▶ [ABOUT THIS EXERCISE] Leaving out all images, return the entries below exactly.

▶ [INFORMATION SUPPLIED]
---+---

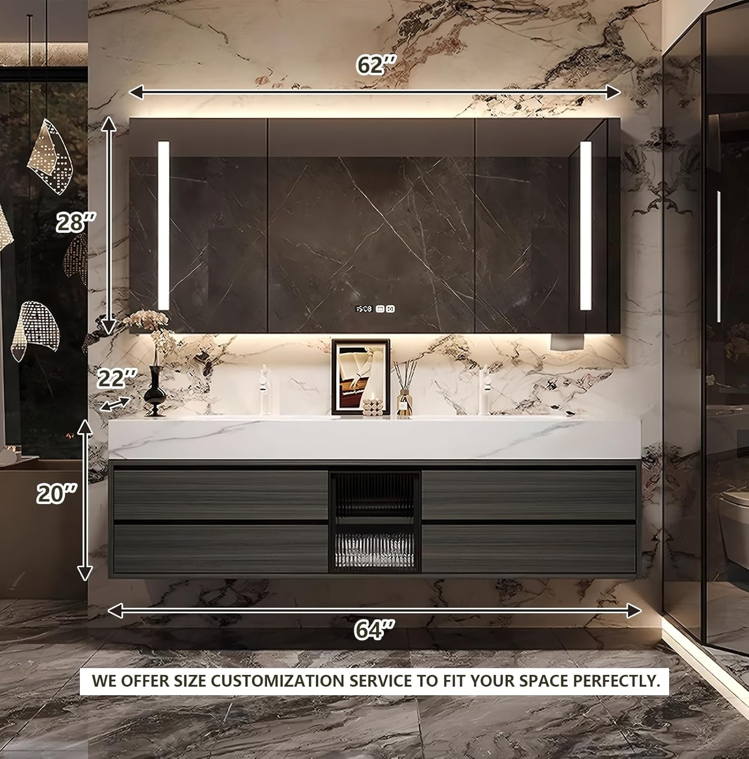 64IN Bathroom Vanity with Double Sink, Modern Bathroom Vanity with LED Smart Defog Mirror Cabinet & Integrated Ceramic Sink, Floating Vanities with Drawers and Glass Cabinet Door (Grey Wood)
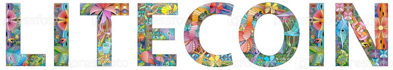 Litecoin это децентрализованная одноранговая криптовалюта. векторный декоративный объект zentangle. рукопись художественного дизайна
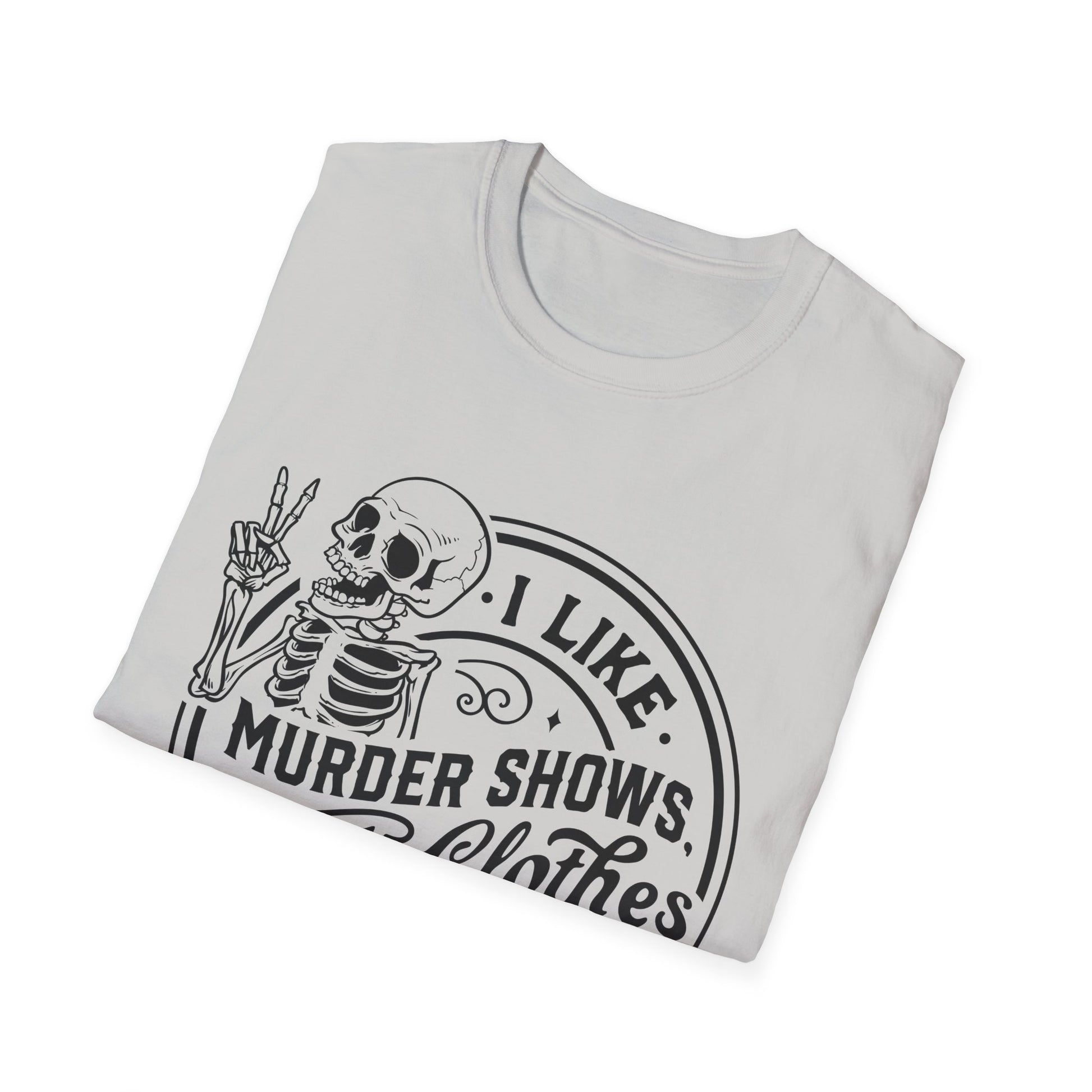 I Like Murder Shows and Comfy Clothes T-Shirt – Funny Graphic Tee for True Crime Junkies and Professional Loungers
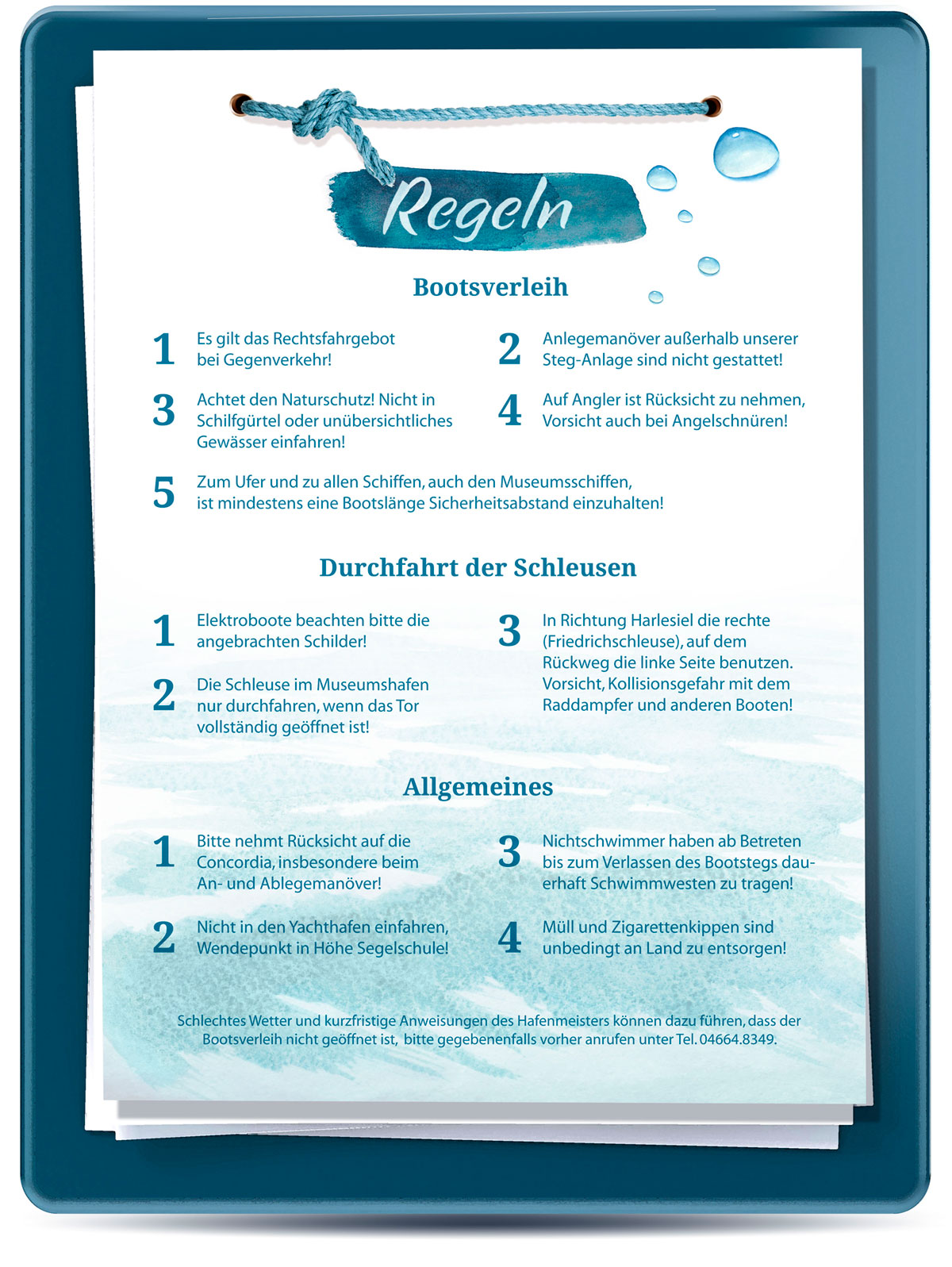 Schlechtes Wetter, starke Strömung, Personalausfall oder kurzfristige Anweisungen des Hafenmeisters können dazu führen, dass der Verleih geschlossen bleibt.
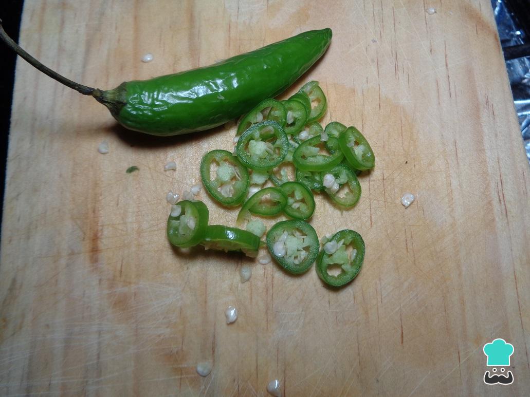 Por otro lado, para continuar con la preparación de los ingredientes de la receta de mollejas de pollo en salsa picante, tomamos los chiles serranos, los limpiamos bien y los comenzamos a rebanar muy finamente, como observamos en la siguiente imagen.
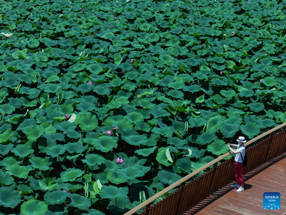 A drone photo taken on July 1, 2025 shows a tourist taking photos of lotus flowers on a plank road at the Xuanwu Lake Park in Nanjing, east China's Jiangsu Province. (Xinhua/Li Bo)

---+---

▶ [THE COMPLETED TASK]
 64IN Bathroom Vanity with Double Sink, Modern Bathroom Vanity with LED Smart Defog Mirror Cabinet & Integrated Ceramic Sink, Floating Vanities with Drawers and Glass Cabinet Door (Grey Wood)
 Litecoin это децентрализованная одноранговая криптовалюта. векторный декоративный объект zentangle. рукопись художественного дизайна
 I Like Murder Shows and Comfy Clothes T-Shirt – Funny Graphic Tee for True Crime Junkies and Professional Loungers
 Schlechtes Wetter, starke Strömung, Personalausfall oder kurzfristige Anweisungen des Hafenmeisters können dazu führen, dass der Verleih geschlossen bleibt.
 Por otro lado, para continuar con la preparación de los ingredientes de la receta de mollejas de pollo en salsa picante, tomamos los chiles serranos, los limpiamos bien y los comenzamos a rebanar muy finamente, como observamos en la siguiente imagen.
 A drone photo taken on July 1, 2025 shows a tourist taking photos of lotus flowers on a plank road at the Xuanwu Lake Park in Nanjing, east China's Jiangsu Province. (Xinhua/Li Bo)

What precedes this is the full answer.